TheRealHocusLocus writes: HR 2039: the National Aeronautics and Space Administration Authorization Act for 2016 and 2017 (press release, full text, and as a pretty RGB bitmap) is in the House. In $18B of goodies we see things that actually resemble a space program. The ~20,000 word document is even a good read, especially the parts about decadal cadence. There is more focus on launch systems and manned exploration, also to "expand the Administration's Near-Earth Object Program to include the detection, tracking, cataloguing, and characterization of potentially hazardous near-Earth objects less than 140 meters in diameter." I find it awesome that the fate of the dinosaurs is explicitly mentioned in this bill. If it passes we will have a law with dinosaurs in it. Someone read the T-shirt. There is also a very specific six month review of NASA's "Earth science global datasets for the purpose of identifying those datasets that are useful for understanding regional changes and variability, and for informing applied science research." Could this be an emerging Earth Sciences turf war between NOAA and NASA? Lately it seems more of a National Atmospheric Space Administration. Mission creep, much?
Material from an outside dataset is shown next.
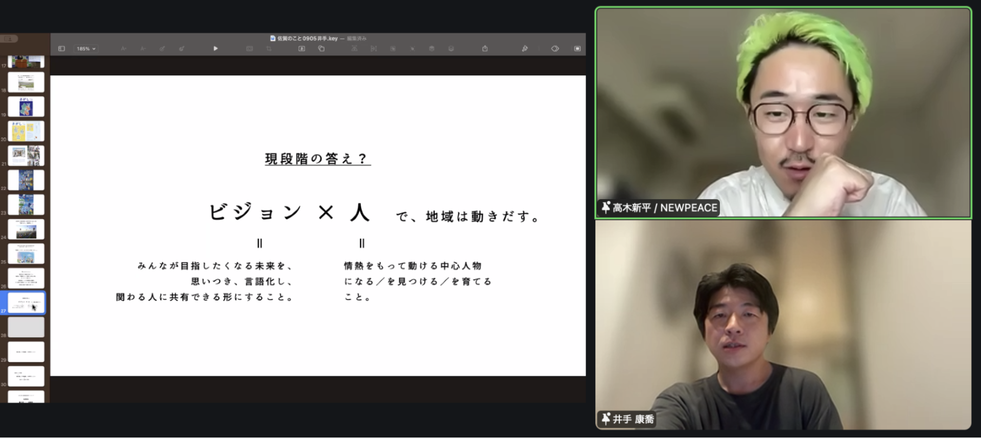 ゲストは、博報堂ケトル出身で佐賀市 情報発信強化アドバイザーを務める井手康喬さん。聞き手は、弊社代表で富山県クリエイティブディレクターの高木新平が務めました。行政に携わる方・クリエイター・地域企業にお勤めの方など、150名以上の方からお申し込みをいただき、「クリエイティブと行政はどう共創できるのか?」をテーマに、熱く議論が展開されました。

10 of 179 comments (clear)

  1. Did a paid shill write this summary? by rockmuelle · · Score: 5, Informative

    Seriously. The real story with this bill is that the republicans are defunding the climate monitoring programs. It will take decades to regain the capabilities we'll lose by defunding them now. There's no turf war between NASA and NOAA, just one between republicans and science.

    Nice job trying to write a summary for geeks that attempts to bury the real story.

  2. Re:it's only a bill by Anonymous Coward · · Score: 2, Informative

    for you young whippersnappers that don't get the reference..

    http://www.youtube.com/watch?v...

  3. Atmosphere study is in NASA's fucking 1958 charter by Anonymous Coward · · Score: 5, Informative

    From the very moment of its inception, NASA has been directed to study the atmosphere:
    http://history.nasa.gov/spaceact.html

    "The aeronautical and space activities of the United States shall be conducted so as to contribute materially to one or more of the following objectives:

    (1) The expansion of human knowledge of phenomena in the atmosphere and space;"

  4. Re:Atmosphere study is in NASA's fucking 1958 char by Runaway1956 · · Score: 1, Informative

    So? Isn't it about time that NASA grew up, and looked further into space? We already have NOAA. Every nation on earth has weather and climate scientists. WTF do we need NASA to study the weather? We need NASA to build big honking SPACESHIPS to move mankind into the solar system. Screw the weather, in 150 years, half of mankind won't give a small damn about weather on earth.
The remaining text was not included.